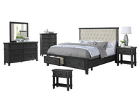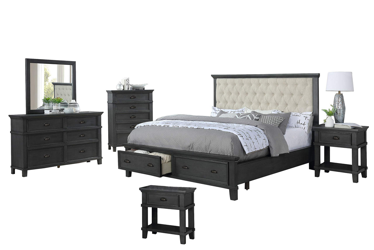 Refine Your Bedroom With The Sandy Style Bedroom Set. This Bedroom Set Is A Perfect Match For Anyone Who Is Looking For The Combination Of Both The Traditional And Modern Look. Our Bed Frame Featuring Beautiful Gray Wood Color, While The Simple Moldings Add Subtle Detailing To The Woodwork That Is Visually Interesting And Appealing. The Headboard Of The Bed Is Upholstered With Beige Linen Fabric. This Bed Will Surely Be A Centerpiece Of Your Bedroom. Features: Material: Mdf, Solid Wood (Rubber Wood) Color: Gray Include: One (1) Bed, One (1) Dresser, One (1) Mirror, One (1) Chest, And Two (2) Nightstands. Size: California King
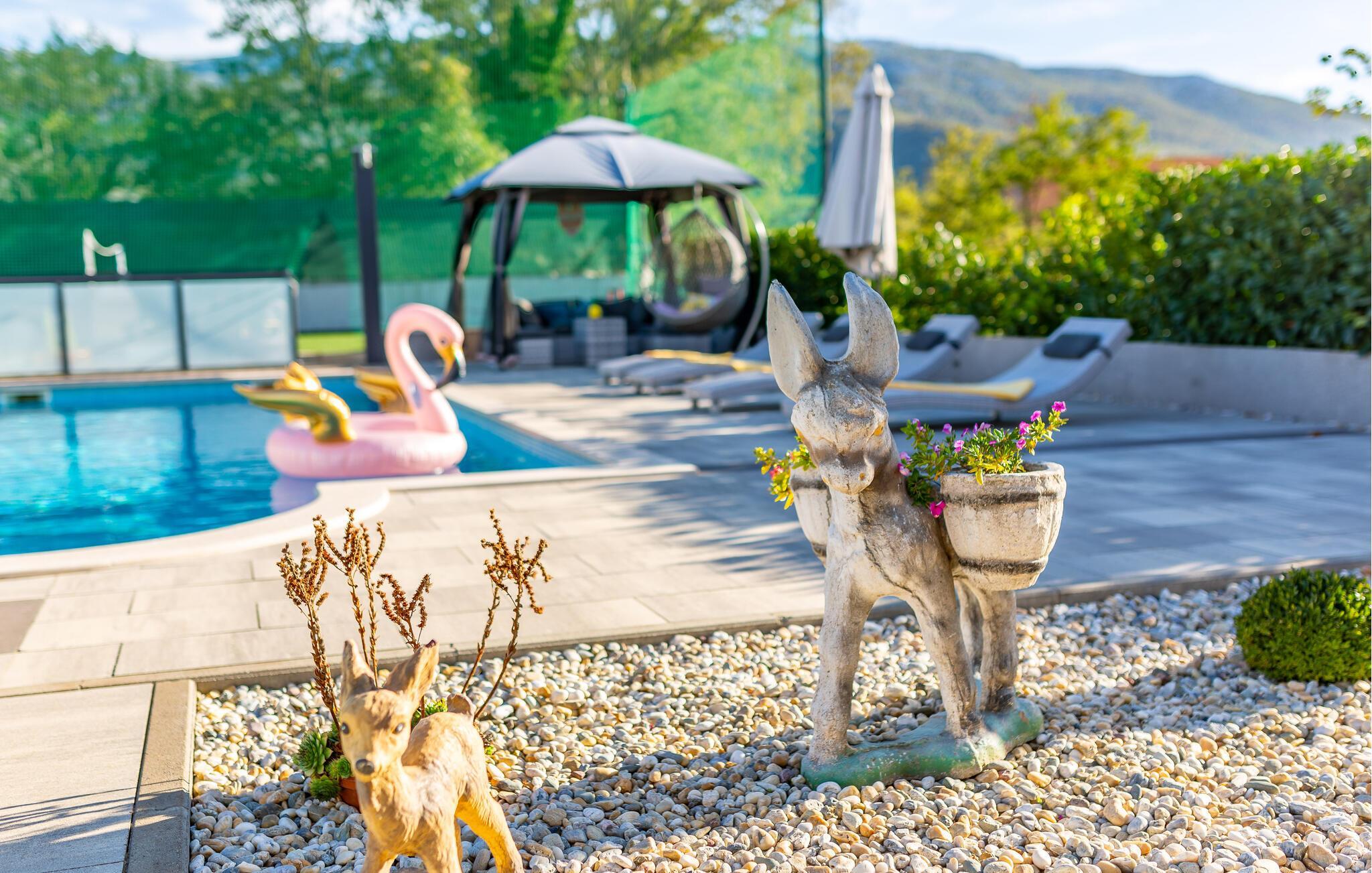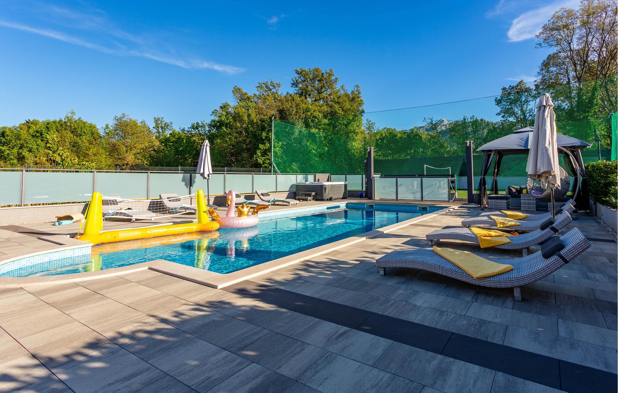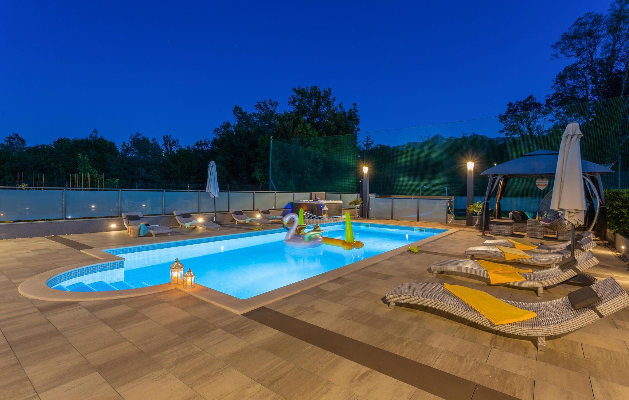 Velkommen til ditt drømmeferiehus i Dugopolje. Nyt ferien i denne moderne og smakfullt innredede boligen. Start dagen på den koselige terrassen med en solid frokost, og la blikket vandre over det romslige uteområdet med basseng og sitteplasser. De komfortable solsengene ved bassenget innbyr til avslapping og soling, mens boblebadet sørger for ren avslapning. Den velstelte hagen har en mursteinsgrill for koselige grillkvelder under stjernene. Sett deg godt til rette om kvelden, nyt et glass vin og den beroligende atmosfæren på dette unike stedet.
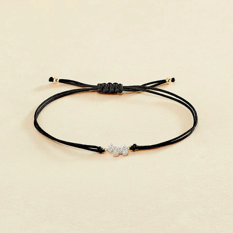 Bracelet cordon, en argent véritable doré 750/1000, orné d’un chien finement serti d’oxydes de zirconium
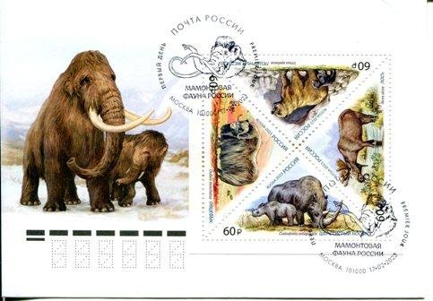 Конверт первого дня гашения с изображением мамонта с мамонтенком в пейзаже. Квадратный квартблок состоит из четырёх треугольных марок номиналом 60 рублей. (Художник – Салтыкова А.-М. Оформление – Савина О.) На каждой марке изображен представитель мамонтовой фауны в пейзаже: пещерный медведь и шерстистый носорог с детёнышами; лось и овцебык. Животные подписаны на русском и даны латинские названия. Перфорация рамочная 11¼. На конверте два штампа гашения с изображением головы мамонта (Художник – Егиазарян А.).
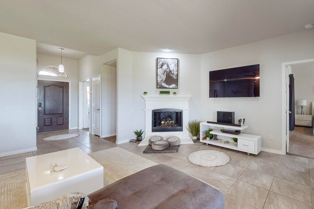 Find tranquility and peace as you soak in breathtaking LAKE VIEW sunsets from your expansive, landscaped backyard, complete with a custom hand-laid flagstone patio and an outdoor mounted TV—perfect for enjoying your favorite shows or sports events under the stars. This serene 4-bedroom, 2-bath home on a stunning lot radiates charm and elegance. Imagine yourself relaxing in a living room with upgraded designer stone flooring, warmed by the soothing glow of a natural gas log-burning fireplace. For the culinary artist, the kitchen is a harmonious space with Sunrise maple godiva cabinets and granite countertops. Don’t miss the custom features in the pantry—it’s a delightful surprise! Retreat to the private owner’s sanctuary at the back of the house, offering serene lake views, an en-suite bath with a luxurious soaking tub, a separate shower, and two walk-in closets. Enjoy the ample space in the oversized 2-car garage, complete with storage and room for an outdoor refrigerator or freezer. Pets are welcome to share in this peaceful haven! Please note, we do not accept housing vouchers at this time.
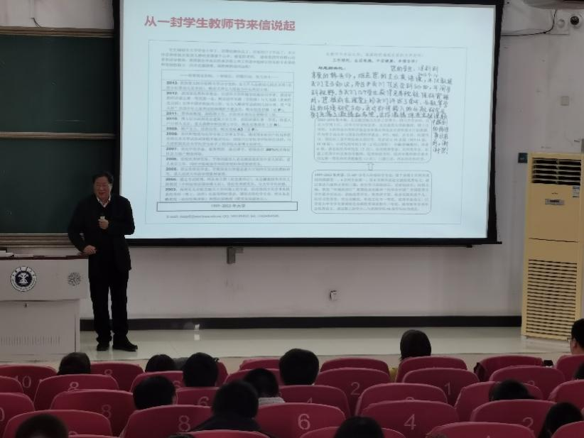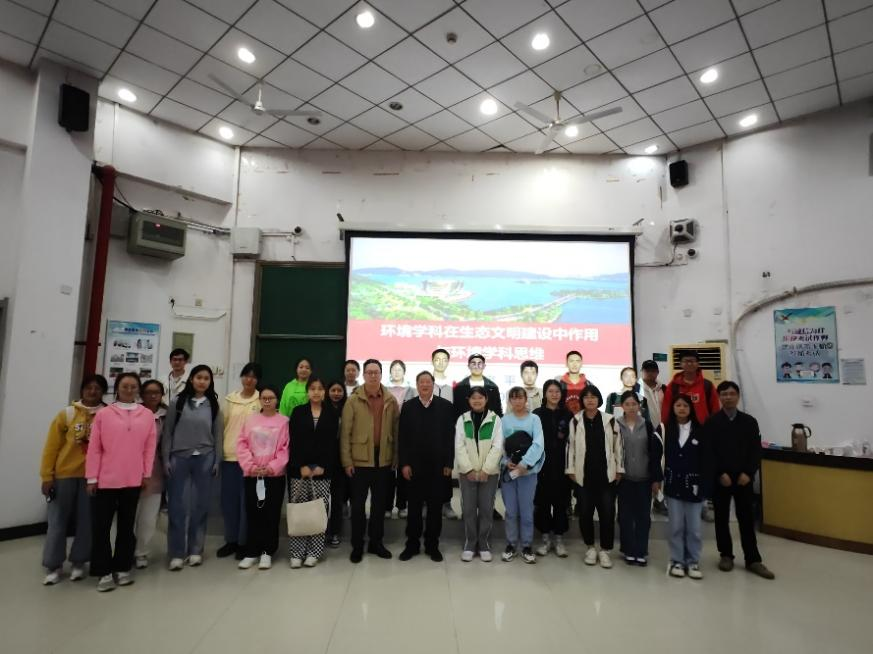 韩宝平教授首先回顾了我校环境学科的发展历程及在全国的地位;从徐州“山水林田湖草”的成功修复与城市生态转型实践,介绍了我校环境学科为区域生态环境质量提升做出的贡献;其次他介绍了我国新时代环境形势、压力和挑战,结合自己的亲身经历,勉励青年教师、在校学生要有大的学科格局,学好环境学科专业知识,练就专业本领;第三,他重点从环境问题的尺度效应、环境系统思维、环境生态理念三个层面系统阐述了环境学科的思维特点。报告最后,他结合国内外当前形势,对新同学提了四点希望,希望同学们做担当民族复兴大任的时代新人,做新时代的追梦人。听讲师生认真记录,现场学术氛围热烈,报告不仅开拓了学术视野,启发了学术思维,也注入了满满的正能量。
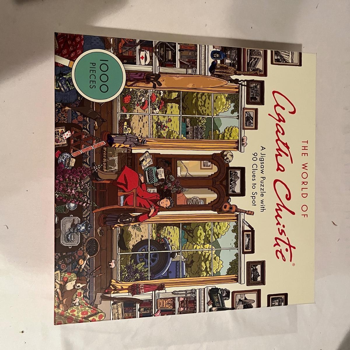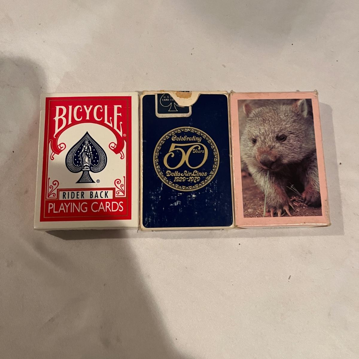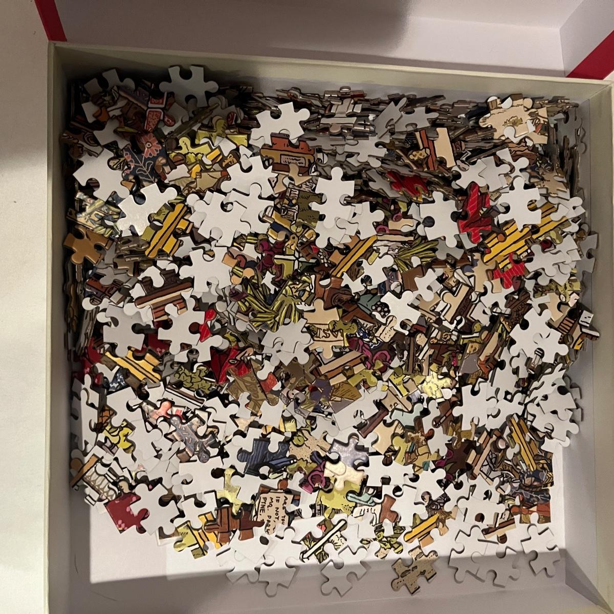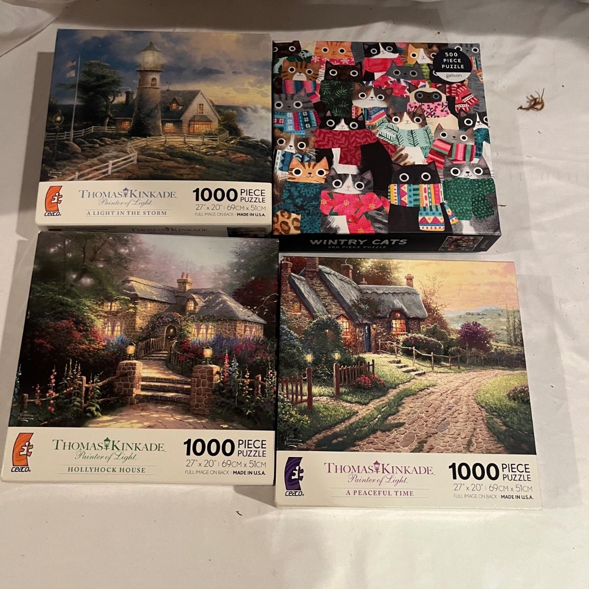 Lot includes portable and home Scrabble games, 13 puzzles, poker chips in a wooden case, tangram puzzles and used playing cards. Wooden case measures 8.5” x 8.5” x 3”H.
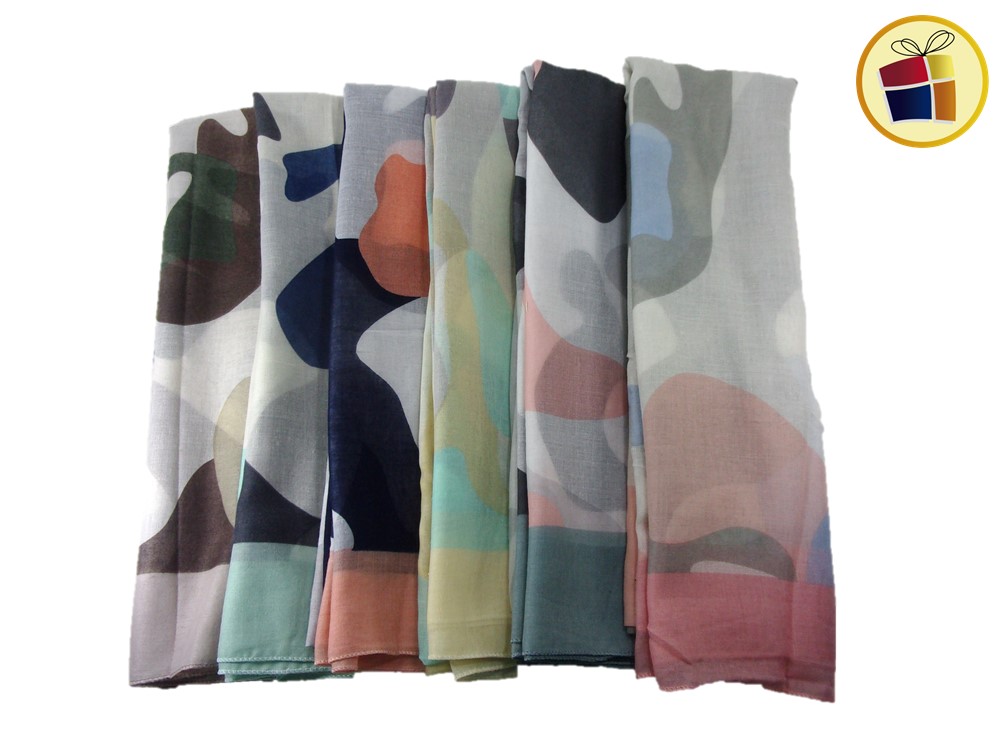 Chalina para dama rectangular estampado militar (camuflado) de diversos colores.
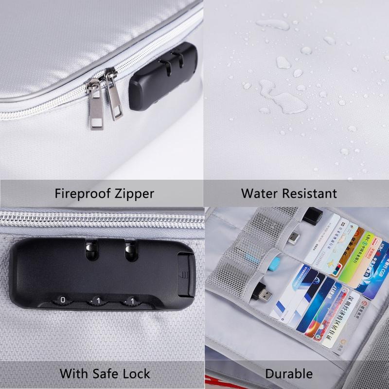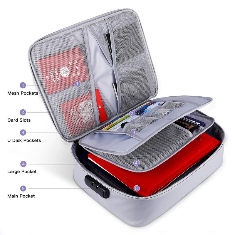 Fireproof Water-Resistant Document Bag / Organizer with Safe Lock - 36x27x10cm
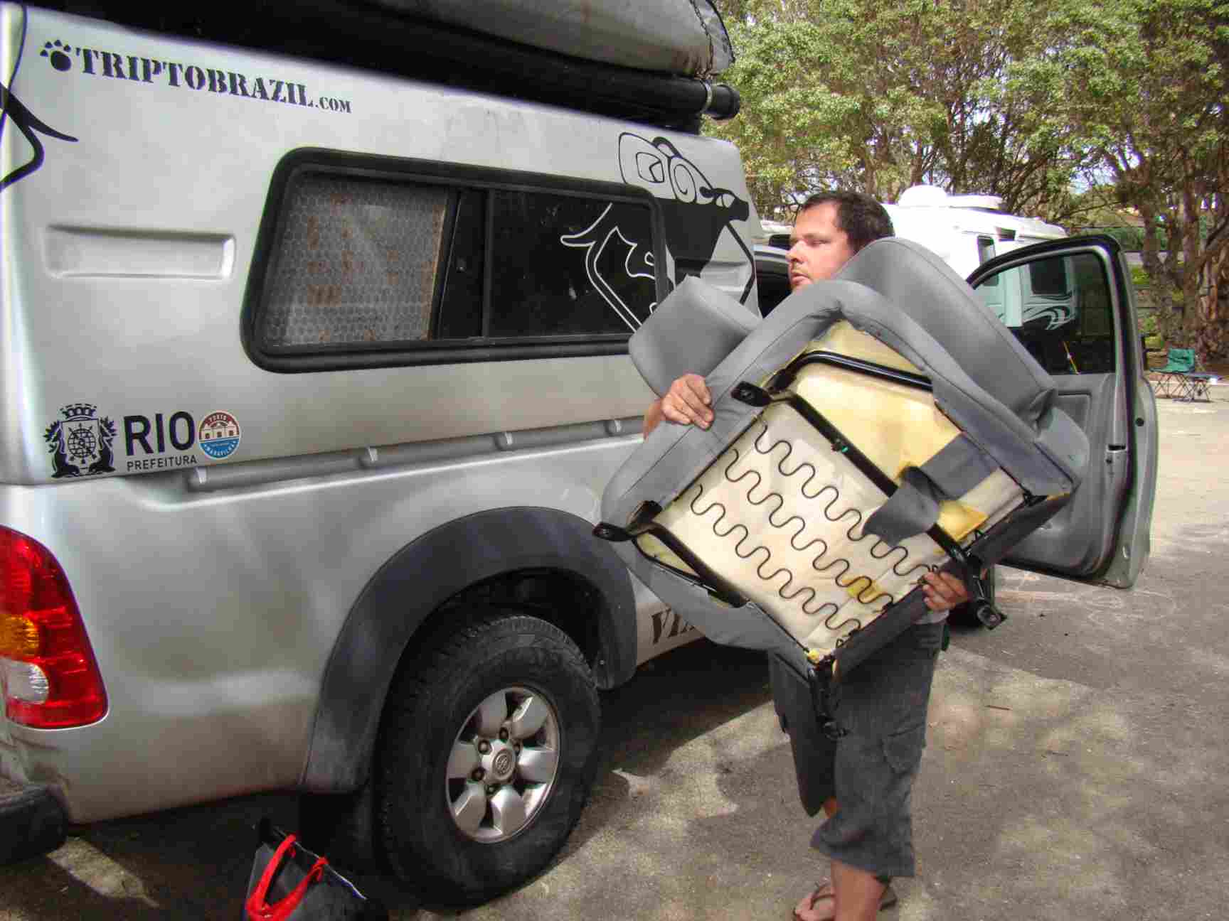 No camping é proibido fazer a manutenção do carro, mas se não fizesse ali, faria onde? No estacionamento do Wall Mart?
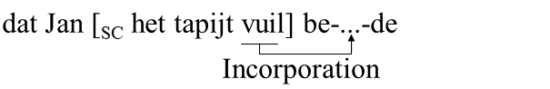 As the discussion above shows, it seems possible to explain a large variety of be-, ver-, and ont-verbs by syntactic incorporation. This proposal is motivated not only by the fact that it can account for the exceptional behavior of these prefixes with respect to the righthand head rule, but also by a larger set of empirical data that will be discussed in the following subsections.
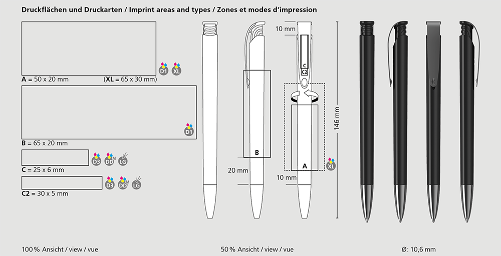 The Jona high gloss MMn is a Retractable ballpoint pen. Material and surface: Tip: brass nickel plated. Barrel and push button: plastic (ABS) high gloss. Clip: spring steel nickel plated. Refill tubes: Recycled polypropylene (rPP). Standard colours: Barrel and push button: can be combined in 14 colours. Special colours: from 5,000 pcs., without PMS surcharge from 25,000 pcs.. Refill: Silktech L (3,000 m), blue or black, Refill Optional: Silktech XL, Multifill P, Multi-Gel.
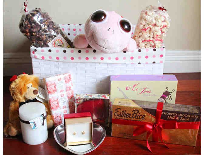 The "Love you" basket contains a red alabaster heart shaped paperweight, pewter heart dish, soft plush teddy bear with heart antennae, love bug ladybug, fancy soaps, note cards, gourmet popcorn, Monet faux diamond heart earrings, candle, box of chocolates, and rhinestone encrusted picture frame.
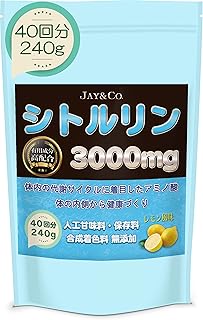 JAY&CO. 最高水準 1回当たり3000mg 飲みやすい シトルリン パウダー (無添加:人工甘味料, 保存料)国内製造 (レモン, 240g)
____
● **Task prompt**
For this exercise, set down the lines in the entries above from the one with "Chalina para dama" through the one with "No camping é" exactly as written, without any pictures.

● **Response area**
 Chalina para dama rectangular estampado militar (camuflado) de diversos colores.
 Fireproof Water-Resistant Document Bag / Organizer with Safe Lock - 36x27x10cm
 No camping é proibido fazer a manutenção do carro, mas se não fizesse ali, faria onde? No estacionamento do Wall Mart?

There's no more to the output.